Monday, June 30, 2008

Why the Mid-Level Hate, Docs?

As I get closer to attending school I have found myself reading more and more medical blogs. I find many of them to be humorous, well-written and insightful. During my admittedly shallow investigation into these medical blogs I came across a disturbing and somewhat disheartening trend. There is a group of vocal and relatively popular blogs written by physicians and med students that go to some length to question and/or discredit the role of Physician Assistants in modern American healthcare. Their anonymous supporters chime in with an occasional ‘here-here’ and are equally, if not more so, anti midlevel. These doc bloggers point out that since PAs do not have the extensive training that a residency trained physician does, they are incapable of treating most patients, and that anyone who chooses to become a PA is lazy, not smart enough to handle any of the rigors a physician does or is simply wasting their time in such a limited and undignified role. They also argue that patients who see a PA are selling themselves short by forgoing the artistry and command of the obscure that a Physician provides and may likely fall victim to a disease or injury because their lowly PA simply couldn’t wrap their reptilian brains around a medical condition or was being a renegade by practicing outside their scope.

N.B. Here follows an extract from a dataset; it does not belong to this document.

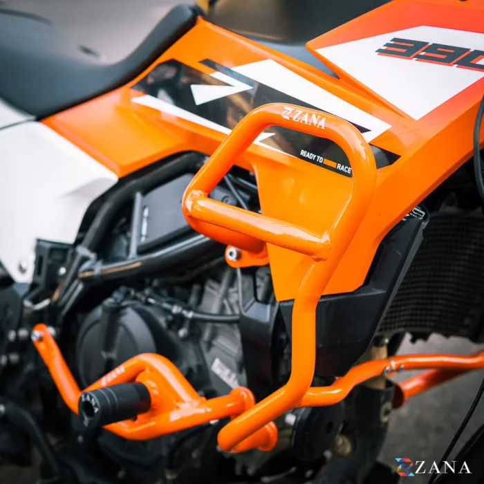Give your KTM the ultimate protection for highway touring and long-distance rides with Zana’s premium Touring Crash Guard Setup – now available in a striking KTM Orange finish. Designed as a complete upper + lower crash bar combo, this setup offers maximum safety, stability, and style for every ride.

First I want to get the points of agreement with out of the way. PAs do not have the extensive training that physicians do. PA school is two to three years long and usually doesn’t have a residency component. The time spent in school is not nearly as long a residency trained doc. Great! While most med students have no real world experience, let alone any that would serve them in a medical field, most PA students are required to have direct patient care experience in order to gain admission to the highly competitive programs. With this medical experience often comes maturity and knowledge of how the world outside of school operates. PAs learn a great deal about the practical application of medicine during their time on the job. PAs should not operate independently. That’s why they call them Physician Assistants. The PA’s job is to assist the doc where needed, see the lesser acuity patients, free up the doc’s time to do what he/she needs to, get more patients seen and hopefully improve patient satisfaction and practice profitability along the way - under the supervision of a physician. PAs are limited in what they can do. I’ll add that PAs are also limited in what they should do. That is to say, recognizing the inherent limits of a PA, they should consult with/differ to their supervising Physician when a questionable case arises and should only operate within their scope of practice as agreed upon by the PA and their SP. However, a PA’s training allows them to diagnose and treat illness and injury, order and evaluate labs and x-rays, splint and cast fractures, repair lacerations and in most states, prescribe medications. A PA cannot perform open heart surgery (may assist however) or perform certain independent medical research, for example. Sounds good to me…..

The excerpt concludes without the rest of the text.